I've taken this code from two parts of the perl cookbook and I'm having problems making them work together. My goal is to take URLs in a block of text and re-write them according to the following rules:

  1. absolute links (containing a protocol and dns) are to be left alone
  2. links with an absolute path will have a protocol and DNS pre-pended
  3. relative links will have a protocol, DNS and patch pre-pended

That's probably not entirely clear.

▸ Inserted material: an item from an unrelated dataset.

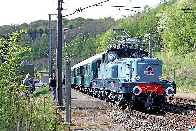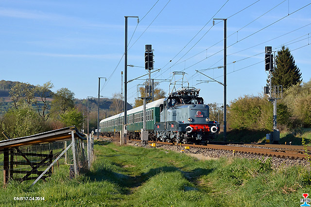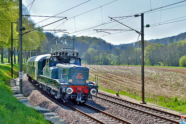Train spécial GAR avec la locomotive électrique 3608 près de Mersch (Photos: 21.4.2014 Willy Hentges)

How about a code snippet:

$server = "http://www.foo.com" $path = "/absolute/path/" $html = ' <a href="/absolute/no/dns">absolute with no dns</a> <a href="http://absolute.with/dns.html">http://absolute.with/dns.ht +ml</a> <a href="relative/without/dns.html">relative/without/dns.html</a> <a href="relative2/without/dns.html">relative2 without dns.html</a> '; $html =~ s/ (<\s* (?:a|img|area) [^>]+?(?:href|src) \s*=\s* ["']? ) ( [^'"\/>] [^'" >]+? ) ([ '"]?>) / $1.sprintf("%s%s", $path, $2).$3 /sigex;

This bit works okay for the first one and the last two, but the middle case (http://) fails because (clearly) I don't have any case that tells it to avoid a leading protocol string (something like http://, ftp://, gopher://, news://, etc.) So I looked at the urlify program in the cookbook chapter 6 and tried this:

$html =~ s/ (<\s* (?:a|img|area) [^>]+?(?:href|src) \s*=\s* ["']? ) ( [^'"\/>(http|telnet|gopher|file|wais|ftp)] [^'" >]+? ) ([ '"]?>) / $1.sprintf("%s%s", $path, $2).$3 /sigex;

Which is _far_ worse since now none of the cases matches. (Well, not entirely true, if I remove the non-match for a leading '/' I can get the first case to match, but that's exactly not what I want.)

I guess this is my question: How can I do a non-match on a string? I want to prevent the http:// links from matching, but I can't seem to get it to play nice. Has anyone else done this?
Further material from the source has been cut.